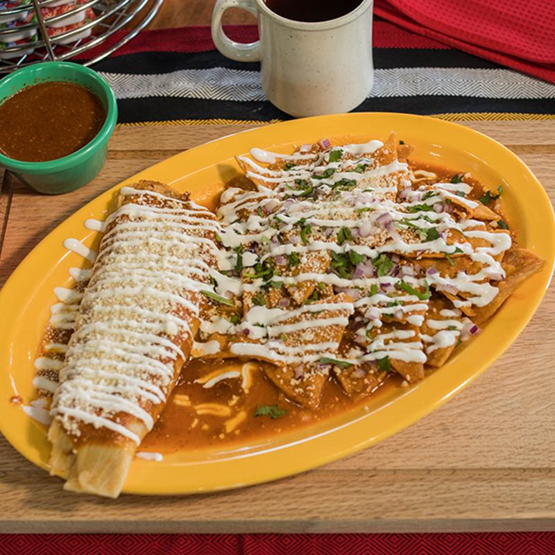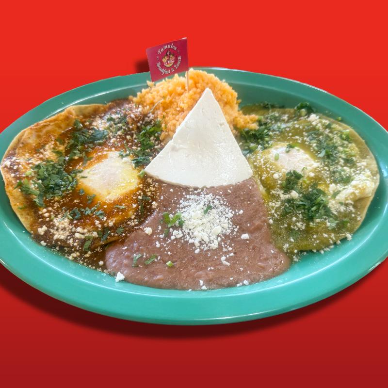 Roll Bread with 1 tamal of your choosing topped with green or red salsa, sour cream, cotija cheese, accompanied with 1 egg your way & chilaquiles (red or green), topped with sour cream, cotija cheese, onion, & cilantro.
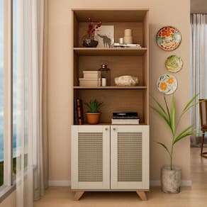 O(a) Armário Multiuso Trama 2 Portas 4 Prateleiras Cinamomo/Off White - Artely é produzido em MDF e MDP na escala de brilho Fosca com Textura, e possui um grau de dificuldade de montagem: Médio.
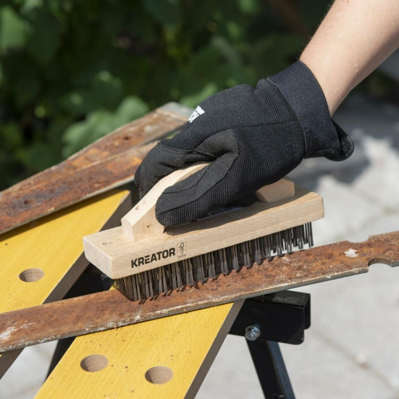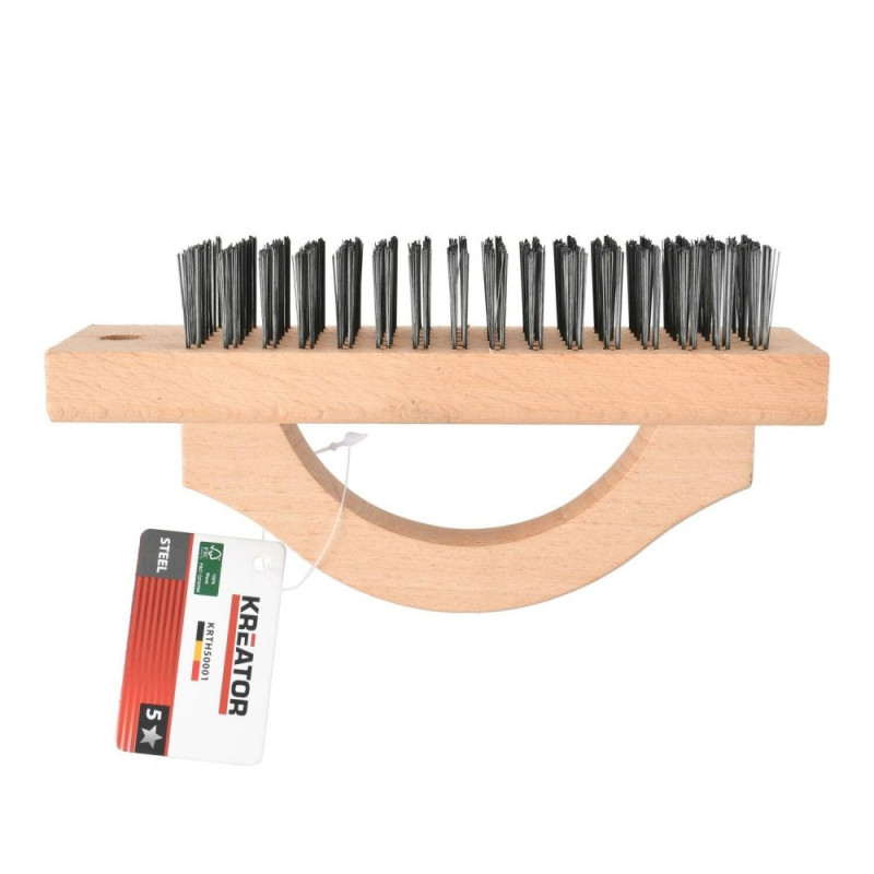 Metalli harja puidust käepidemega KRTH50001 KREATOR on oluline tööriist mustuse ja rooste eemaldamiseks metallpindadelt. 96 rida terasest harjaseid tagab tõhusalt puhastamise. Käepideme lõpus olev praktiline riputusaas võimaldab harja pärast kasutamist mugavalt üles riputada, samas kui libisemisvastane käepide tagab kindla haarde.

Exercise details: Leaving each image aside, repeat the listing above exactly.

Output below:
 Roll Bread with 1 tamal of your choosing topped with green or red salsa, sour cream, cotija cheese, accompanied with 1 egg your way & chilaquiles (red or green), topped with sour cream, cotija cheese, onion, & cilantro.
 O(a) Armário Multiuso Trama 2 Portas 4 Prateleiras Cinamomo/Off White - Artely é produzido em MDF e MDP na escala de brilho Fosca com Textura, e possui um grau de dificuldade de montagem: Médio.
 Metalli harja puidust käepidemega KRTH50001 KREATOR on oluline tööriist mustuse ja rooste eemaldamiseks metallpindadelt. 96 rida terasest harjaseid tagab tõhusalt puhastamise. Käepideme lõpus olev praktiline riputusaas võimaldab harja pärast kasutamist mugavalt üles riputada, samas kui libisemisvastane käepide tagab kindla haarde.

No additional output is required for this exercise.